NASA is looking for innovative new ideas for robotic missions to the moon, and the space agency hopes private spaceflight companies may have the right stuff to help out.
This month, the space agency rolled out its new Lunar Cargo Transportation and Landing by Soft Touchdown initiative (dubbed Lunar CATALYST for short) to give private companies a chance to develop robotic moon landers with help from NASA. While the space agency won't provide any funding for the commercial projects, private companies selected for the program will have access to a range of NASA perks.
"We're doing this to support lander development," Jason Crusan, director of advanced exploration systems at NASA said in a teleconference with reporters today (Jan. 27). "We can offer NASA contributions to those partners such as NASA technical expertise, access to our facilities, loan of equipment or software at no cost to those partners to help them accelerate their capabilities to get a landing capability that's commercially viable for them." [21 Most Marvelous Moon Missions Ever]
Lunar CATALYST is expected to help support lunar landing development for commercial purposes — like moon mining — while potentially helping out with new science and technology advancement in the process, NASA officials said.

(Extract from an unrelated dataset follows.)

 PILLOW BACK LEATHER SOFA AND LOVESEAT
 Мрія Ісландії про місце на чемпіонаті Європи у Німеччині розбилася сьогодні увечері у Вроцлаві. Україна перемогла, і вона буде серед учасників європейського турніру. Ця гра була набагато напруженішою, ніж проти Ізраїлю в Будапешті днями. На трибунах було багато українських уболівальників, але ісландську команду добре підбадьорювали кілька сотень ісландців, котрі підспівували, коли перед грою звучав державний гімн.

The lunar missions could also serve as a stepping-stone for getting into deeper destinations in space like Mars sometime in the future, Crusan said.

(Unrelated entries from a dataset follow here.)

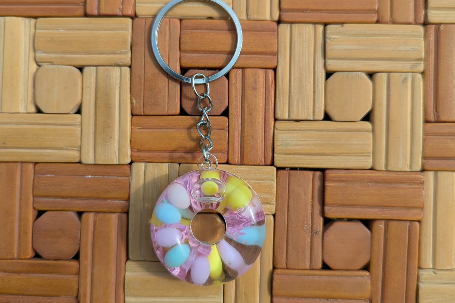This donut-shaped resin keychain features pastel colors and a glossy finish—perfect for keys, backpacks, purses, and gifting.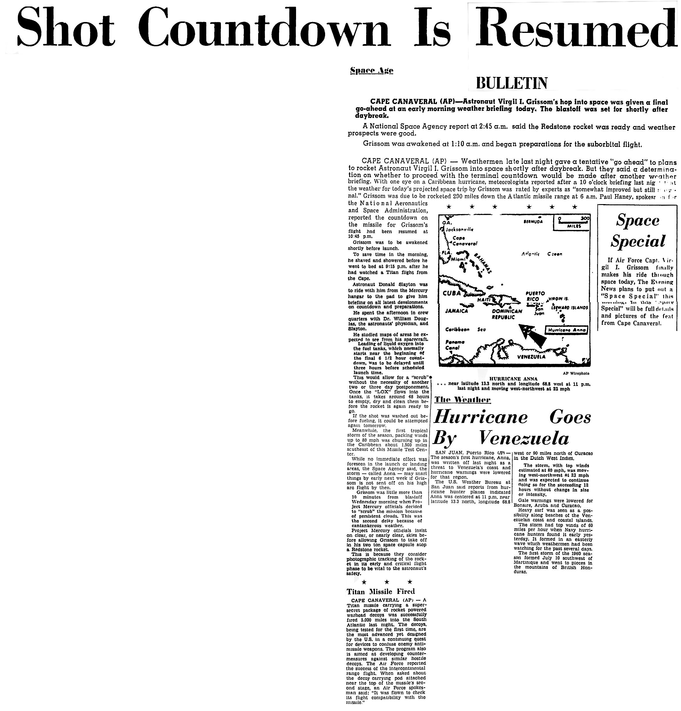 «Ивнинг Таймс» планирует выйти сегодня утром со специальным космическим выпуском, если будет совершен космический полет капитана ВВС Вирджила А. Гриссома. Этот «Специальный космический» представит все подробности и фотографии с мыса Канаверал.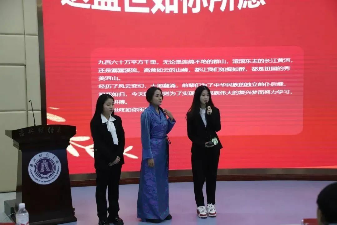 第二轮为三组选手以“山河锦绣,国泰民安”为主题进行小组展示。九位选手由抽签的形式分为三个小组进行小组展示,每一个小组都由摄影组、绘画组、书法组各一名选手组成。三位选手合作完成一幅作品,共同进行作品展示和作品讲解。通俗的讲解和生动的语言让我们深切感受到各种艺术相结合的美感,也让我们了解到不同的风俗文化和祖国各地的大好河山。活动最后,由九位选手共同演唱歌曲《仰望星空》。

Private companies have already shown interest in participating in the new initiative. More than 50 entities called in to a conference call describing the potential new partnership. "We see considerable interest from the private sector, and we're looking forward to their proposals," Crusan said.
NASA officials expect that there will be multiple teams chosen for partnerships, however, that number hinges upon how much support and resources the partners would require.

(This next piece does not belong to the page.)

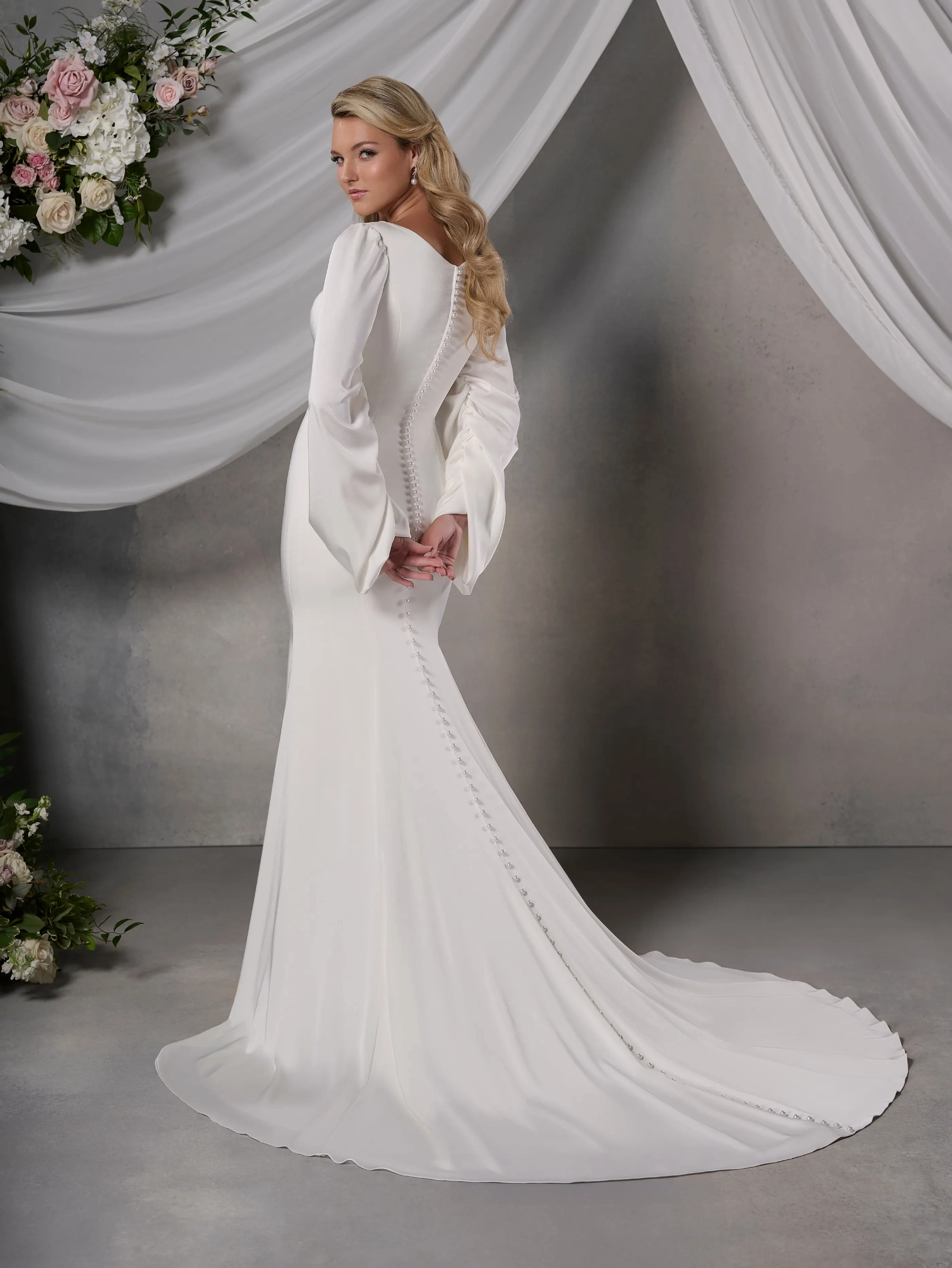 Slim style in stretch charmeuse with V-neck and baggy sleeves gathered along the seam. Pearl buttons along zipper closure and all the way down to hemline.

Companies chosen to participate could have access to NASA's Mighty Eagle and the agency's Morpheus lander — two prototype landers that could be launched to explore the moon or other cosmic objects.
Google has already launched a race to the moon for private companies with its $30 million Google Lunar X Prize. To win that contest, competitors must send a robot to the moon, move it 1,640 feet (500 meters) and relay data, video and images back to Earth. Companies hoping to compete in for the prize need to be ready to launch by Dec. 31, 2015. Competing for the X Prize does not eliminate a company from participation in the Lunar CATALYST partnership but the goals for the initiative are different.
"What we really want to do is enable a robust private sector capability and not just have it reside within the U.S. government," Crusan said. "It's one thing for NASA to do it once, but it's a whole other thing to build upon and build an entire ecosystem of suppliers out there."
This initiative is not a new kind of partnership for NASA. The space agency is currently working with private companies under the Commercial Crew Program — aimed at developing a means of sending astronauts from the United States into low-Earth orbit using privately built spacecraft.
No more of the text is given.